In the two current Medicare bundled payment programs, three different methodologies have been used to establish payment targets. In the BPCI program targets are based on each participant’s historical episode cost, with “cost” defined as all payments made by Medicare or beneficiaries for services provided to the beneficiary during the episode. In this program participants will achieve financial success by reducing episode costs below their historical levels. In the CJR program target in the later performance periods are computed based on the episode costs of other hospitals in the respective region of each hospital. In this program participants achieve financial success by having costs that are lower than those of their neighbors. Finally, in the Oncology Care Model (OCM) program targets are computed from a complex regression equation based on many patient characteristics, and the financial results are a consequence of patient mix and services, with no clear path to success.
When BPCI Advanced was announced as a voluntary program, we expected the targets to be based on historical cost since no rational provider would voluntarily participate in a program in which its own cost already exceeded the targets, which would occur if regional targets were used, and in the initial materials released by CMS it appeared that this method would be used. However, as additional materials are released by CMS this conclusion becomes less certain. In the CMS webinar reviewing the model, CMS described the target setting process as follows: To determine the hospital's benchmark price, CMS will use risk-adjustment models to account for the following contributors to variation in the episode standard spending amounts. One, patient case mix. Two, patterns of spending relative to the hospital's peer group over time. And three, historic Medicare fee-for-service expenditures efficiency in resource use specific to the hospital's baseline period.

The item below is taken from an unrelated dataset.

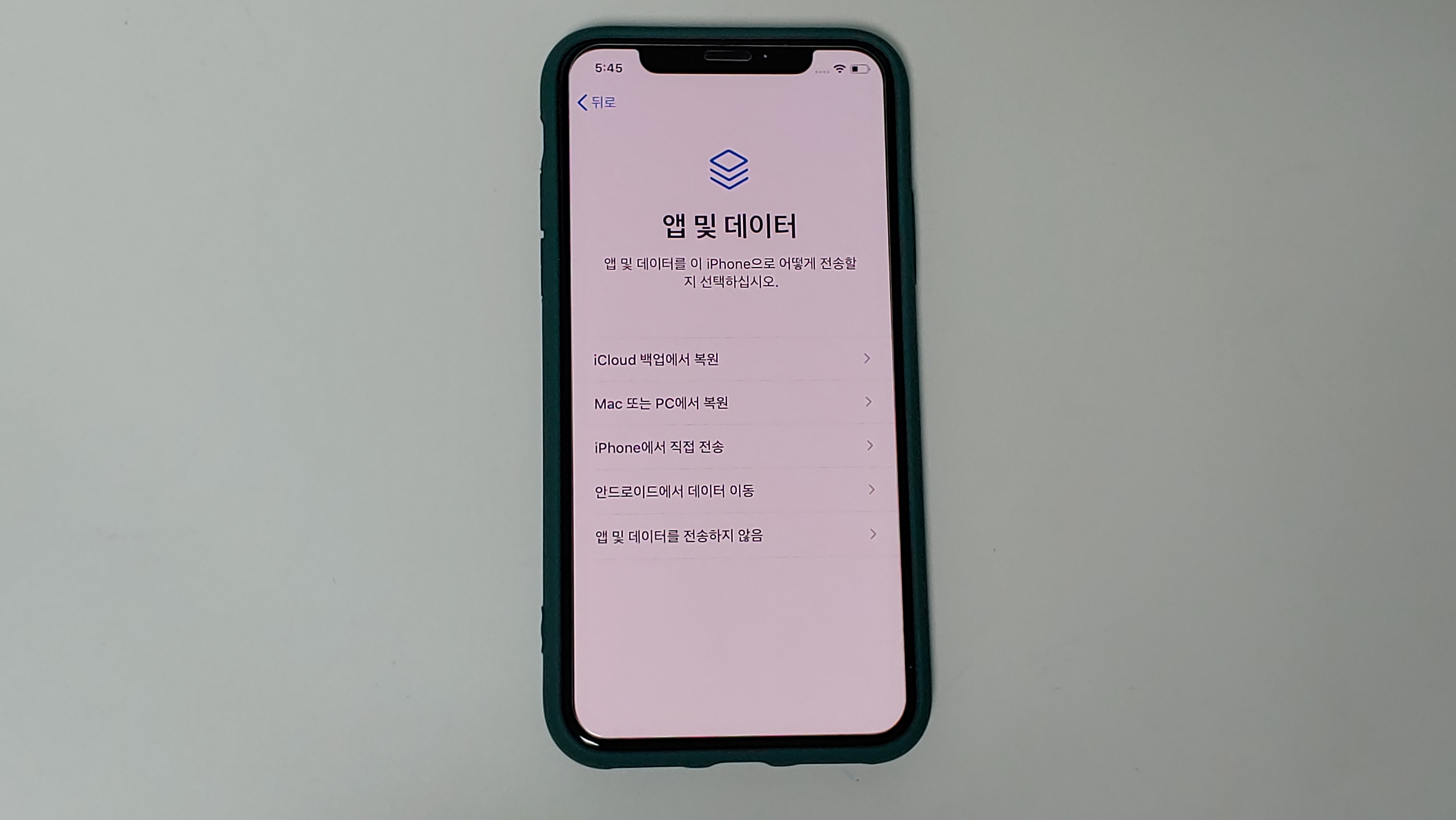아이폰을 초기화 하고 나면 새로 구입했을 때 처럼 초기 화면이 나옵니다. 그러면 앱 및 데이터 메뉴가 나올때 까지 설정을 해주세요.

Unfortunately most of these terms are not defined in these or previous documents. “Episode standard spending amounts” has a particular meaning in the CJR program, but nothing that relates to the basis for targets. Likewise, no information is available about the “risk-adjustment model” or how it will incorporate patient mix, costs of the peer group (or any definition of that group), and how “expenditures efficiency” will be measured from the hospital’s baseline period. CMS has indicated that the target methodology will be released in the next few weeks, which does little to alleviate our concern at this point.
Why Risk Adjustment Matters
Experts on our team differ in their expectations of how the “risk adjustment” will work. Some believe that the primary factor in target-setting will be the hospital’s baseline cost, with the risk adjustment making minor changes to that amount. That model would be somewhat comforting in its familiarity and the knowledge that improvement on past performance would generally result in financial success. Others are less optimistic and believe that the primary driver of targets will be the regression equations that CMS has indicated will be part of the target-setting process. In this case the path to success is less clear. In the OCM program there’s little correlation between individual episode costs and targets, and some cancer types are invariably financially successful while others almost always sustain financial losses. Thus, if the regression models are the primary drivers of targets we’ll be running detailed analyses to identify areas in which the regression factors (and not episode costs) are the primary determinants of success or failure; in other words, whether there are biases towards certain types of patients, participants and episode characteristics. Such biases would significantly alter the episode selection process, moving from favoring episodes in which clinical change opportunities exist to those episodes that are “built-in winners” by virtue of the risk adjustment process.
These details will be critical to establishing confidence in the BPCI Advanced program, which will be necessary to induce participation. In the BPCI and CJR programs the path to financial success were relatively straightforward and determinable from factors that were visible and easily understandable. In the OCM program the target development process is significantly more cloudy, and participants who believe that their cost reductions will lead to financial success may find that their cost targets have decreased due to case mix changes and that the expected success will not materialize. Participants need to understand the direct relationship between their actions and success, which can be obfuscated by the intervention of complex risk adjustment processes.